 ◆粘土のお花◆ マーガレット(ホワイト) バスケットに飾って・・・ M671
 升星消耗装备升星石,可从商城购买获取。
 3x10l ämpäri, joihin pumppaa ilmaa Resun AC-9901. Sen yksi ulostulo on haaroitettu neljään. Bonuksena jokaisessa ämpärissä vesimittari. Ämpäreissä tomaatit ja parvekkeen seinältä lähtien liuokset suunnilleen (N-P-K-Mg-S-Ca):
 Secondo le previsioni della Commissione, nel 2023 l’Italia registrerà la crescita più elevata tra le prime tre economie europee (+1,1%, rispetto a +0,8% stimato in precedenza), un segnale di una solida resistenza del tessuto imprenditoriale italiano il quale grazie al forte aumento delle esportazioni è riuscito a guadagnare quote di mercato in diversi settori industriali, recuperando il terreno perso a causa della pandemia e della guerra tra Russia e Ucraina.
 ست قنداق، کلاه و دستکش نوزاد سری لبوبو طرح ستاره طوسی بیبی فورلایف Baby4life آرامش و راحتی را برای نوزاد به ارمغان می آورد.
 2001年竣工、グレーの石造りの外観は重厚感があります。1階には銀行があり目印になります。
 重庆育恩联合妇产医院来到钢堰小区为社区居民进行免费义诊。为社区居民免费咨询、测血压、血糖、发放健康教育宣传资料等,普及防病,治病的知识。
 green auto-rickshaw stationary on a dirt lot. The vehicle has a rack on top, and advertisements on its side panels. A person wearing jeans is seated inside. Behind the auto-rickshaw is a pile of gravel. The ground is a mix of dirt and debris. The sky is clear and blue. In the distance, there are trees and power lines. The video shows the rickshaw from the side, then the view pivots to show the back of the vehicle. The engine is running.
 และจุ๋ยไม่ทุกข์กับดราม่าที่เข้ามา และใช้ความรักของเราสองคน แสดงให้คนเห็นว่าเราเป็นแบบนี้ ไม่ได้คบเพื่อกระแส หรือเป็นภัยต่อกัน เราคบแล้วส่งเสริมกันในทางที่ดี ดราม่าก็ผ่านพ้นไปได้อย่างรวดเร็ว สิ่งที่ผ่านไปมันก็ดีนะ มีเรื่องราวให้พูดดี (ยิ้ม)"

| YOUR INSTRUCTIONS |
Restate precisely, and with nothing added, the lines from the one with "2001年竣工、グレーの石造" through the final line of the material.

| TASK OUTPUT |
 2001年竣工、グレーの石造りの外観は重厚感があります。1階には銀行があり目印になります。
 重庆育恩联合妇产医院来到钢堰小区为社区居民进行免费义诊。为社区居民免费咨询、测血压、血糖、发放健康教育宣传资料等,普及防病,治病的知识。
 green auto-rickshaw stationary on a dirt lot. The vehicle has a rack on top, and advertisements on its side panels. A person wearing jeans is seated inside. Behind the auto-rickshaw is a pile of gravel. The ground is a mix of dirt and debris. The sky is clear and blue. In the distance, there are trees and power lines. The video shows the rickshaw from the side, then the view pivots to show the back of the vehicle. The engine is running.
 และจุ๋ยไม่ทุกข์กับดราม่าที่เข้ามา และใช้ความรักของเราสองคน แสดงให้คนเห็นว่าเราเป็นแบบนี้ ไม่ได้คบเพื่อกระแส หรือเป็นภัยต่อกัน เราคบแล้วส่งเสริมกันในทางที่ดี ดราม่าก็ผ่านพ้นไปได้อย่างรวดเร็ว สิ่งที่ผ่านไปมันก็ดีนะ มีเรื่องราวให้พูดดี (ยิ้ม)"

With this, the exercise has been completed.